LinearRegression(copy_X=True, fit_intercept=True, n_jobs=None,
         normalize=False)

In [20]:
for idx, col_name in enumerate(x_train.columns):
    print("The coefficient for {} is {}".format(col_name, regression_model_1.coef_[0][idx]))

The coefficient for tax is -30.70924254754727
The coefficient for  dl is 892.8862087487333


# R-Square 

# Question 7 - Evaluate the model 
Calculate the accuracy score for the above model.

In [32]:
regression_model_1.score(x_test, y_test)

0.2876056314158515

In [33]:
regression_model_1.score(x_train, y_train)

0.4657867429910155

# Question 8: Repeat the same Multi linear regression modelling by adding both Income and Highway features
Find R2 


In [23]:
X1 = df_new.drop(' consumption', axis='columns')
Y1 = df_new[[' consumption']]

In [28]:
x1_train, x1_test, y1_train, y1_test = train_test_split(X1, Y1, test_size=0.20, random_state=1)
regression_model_2 = LinearRegression()
regression_model_2.fit(x1_train, y1_train)
regression_model_2.score(x1_train, y1_train)

0.6407622941321002

In [31]:
regression_model_2.fit(x1_test, y1_test)
regression_model_2.score(x1_test, y1_test)

0.851493648026156

# Question 9: Print the coefficients of the multilinear regression model

In [29]:
for idx, col_name in enumerate(x1_train.columns):
    print("The coefficient for {} is {}".format(col_name, regression_model_2.coef_[0][idx]))

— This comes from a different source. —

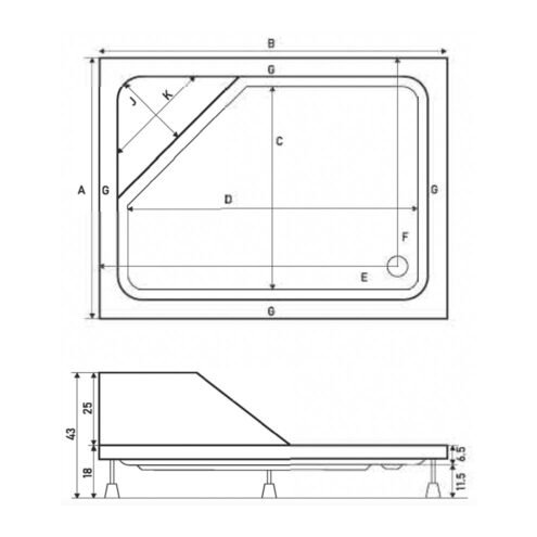 Shower Corner 120x80 cm Köşe Oturmalı Dikdörtgen Duş Teknesi

The coefficient for tax is -39.411583621415424
The coefficient for  income is -0.06262814005687901
The coefficient for  highway is -0.0030219870395790096
The coefficient for  dl is 950.8827441430783


# Question 10 
In one or two sentences give reasoning on R-Square on the basis of above findings
Answer

In [None]:
# R-squared is always between 0 and 100%. 
# It indicates that the model explains all the variability of the response data around its mean.

In [None]:
# regression_model_1 explains 46.57% of the variability in consumption using tax and no of drivers.
# regression_model_2 explains 85.14% of the variability in consumption using tax, no of drivers, income and
# the number of miles of paved highway.
# With more data values the regression_model_2 indicates more variability of the response data around its mean.